RECORDS FOR THE EXERCISE —
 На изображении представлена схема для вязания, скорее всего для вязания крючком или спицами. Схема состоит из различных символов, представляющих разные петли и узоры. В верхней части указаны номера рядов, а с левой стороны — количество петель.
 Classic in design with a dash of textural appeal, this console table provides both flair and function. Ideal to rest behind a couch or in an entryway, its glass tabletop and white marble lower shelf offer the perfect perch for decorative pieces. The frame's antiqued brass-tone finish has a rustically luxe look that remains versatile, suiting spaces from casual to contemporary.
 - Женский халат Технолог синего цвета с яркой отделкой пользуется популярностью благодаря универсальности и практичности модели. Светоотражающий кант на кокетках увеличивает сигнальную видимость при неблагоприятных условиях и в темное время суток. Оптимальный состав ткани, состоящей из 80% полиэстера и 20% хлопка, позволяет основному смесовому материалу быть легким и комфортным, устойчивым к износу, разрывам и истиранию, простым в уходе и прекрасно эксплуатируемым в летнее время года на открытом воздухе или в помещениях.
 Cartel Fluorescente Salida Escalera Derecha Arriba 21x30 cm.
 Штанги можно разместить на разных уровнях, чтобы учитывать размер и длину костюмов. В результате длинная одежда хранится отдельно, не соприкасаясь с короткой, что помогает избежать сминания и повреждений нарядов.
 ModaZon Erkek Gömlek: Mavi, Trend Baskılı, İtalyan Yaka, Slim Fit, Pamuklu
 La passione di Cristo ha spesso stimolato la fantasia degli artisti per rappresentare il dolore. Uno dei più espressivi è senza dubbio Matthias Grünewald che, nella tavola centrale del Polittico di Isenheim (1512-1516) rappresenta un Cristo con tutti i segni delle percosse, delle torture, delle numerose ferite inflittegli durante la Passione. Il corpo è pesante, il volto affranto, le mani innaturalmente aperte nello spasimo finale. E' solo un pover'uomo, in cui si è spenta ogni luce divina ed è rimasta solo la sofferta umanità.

==

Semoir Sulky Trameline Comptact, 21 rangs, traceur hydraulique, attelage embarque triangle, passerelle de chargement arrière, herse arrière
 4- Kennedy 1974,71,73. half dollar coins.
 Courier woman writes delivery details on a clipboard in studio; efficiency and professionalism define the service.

---

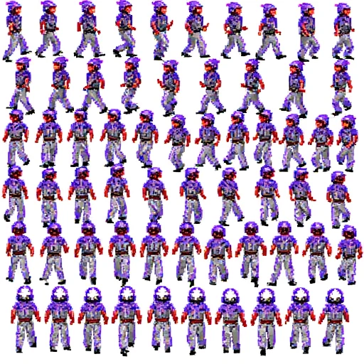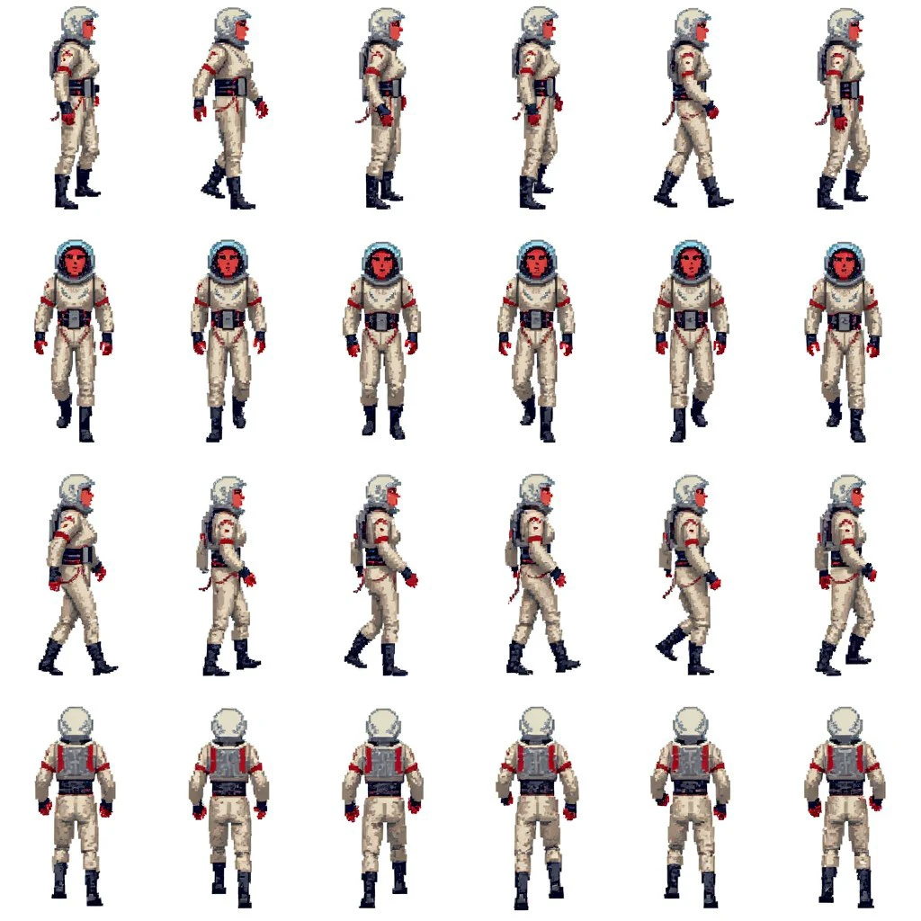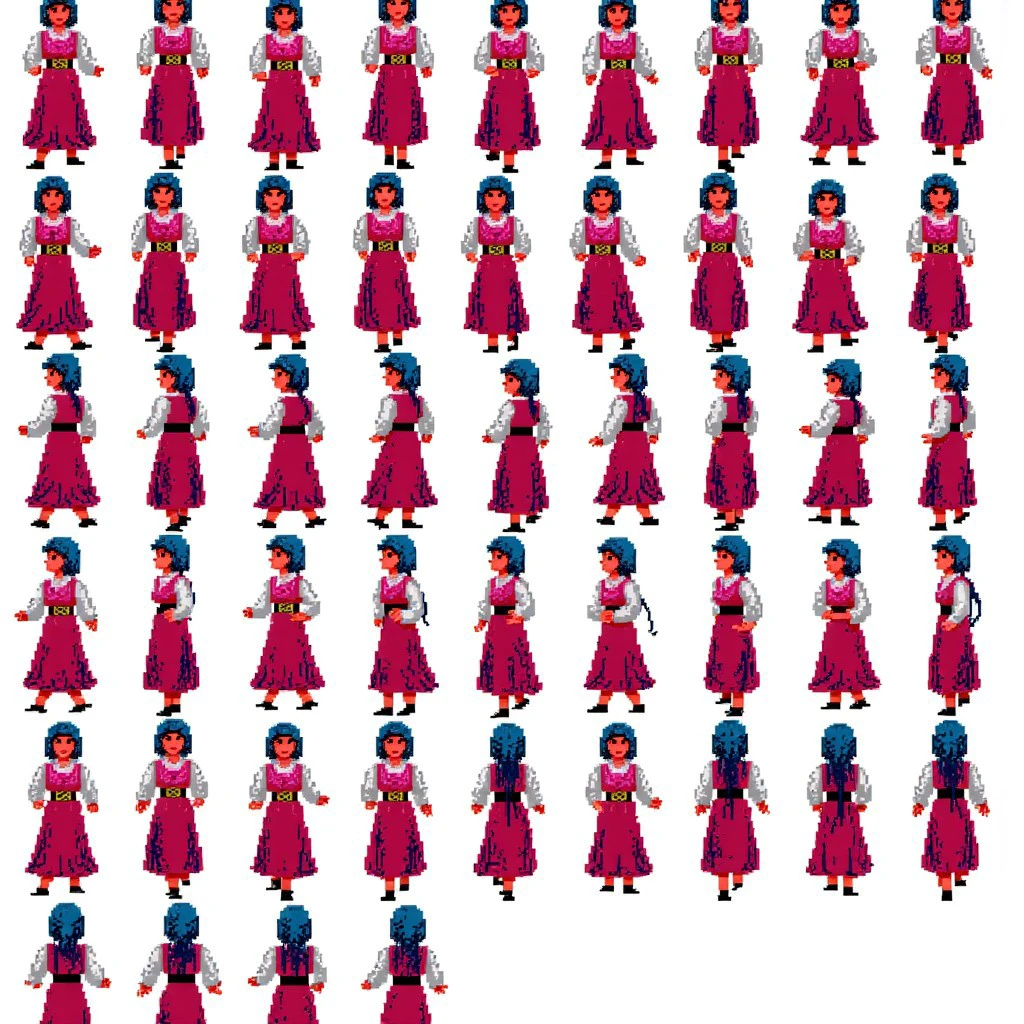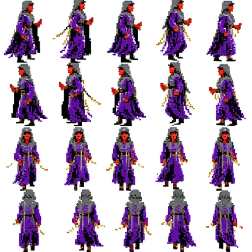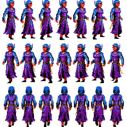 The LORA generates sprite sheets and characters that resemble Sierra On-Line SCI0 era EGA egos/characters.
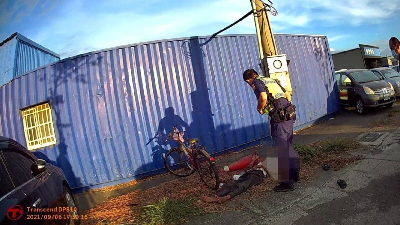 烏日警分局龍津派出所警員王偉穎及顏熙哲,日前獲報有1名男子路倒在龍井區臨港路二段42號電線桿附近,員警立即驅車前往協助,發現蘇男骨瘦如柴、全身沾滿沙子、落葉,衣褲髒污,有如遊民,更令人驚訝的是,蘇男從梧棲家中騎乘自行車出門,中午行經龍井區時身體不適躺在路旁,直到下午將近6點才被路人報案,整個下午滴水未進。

TASK DIRECTIONS — Only one stretch of the entries above is wanted: the lines from the one containing "Semoir Sulky Trameline" through the one containing "Courier woman writes". Please reproduce it exactly.

OUTPUT FOR THIS EXERCISE —
Semoir Sulky Trameline Comptact, 21 rangs, traceur hydraulique, attelage embarque triangle, passerelle de chargement arrière, herse arrière
 4- Kennedy 1974,71,73. half dollar coins.
 Courier woman writes delivery details on a clipboard in studio; efficiency and professionalism define the service.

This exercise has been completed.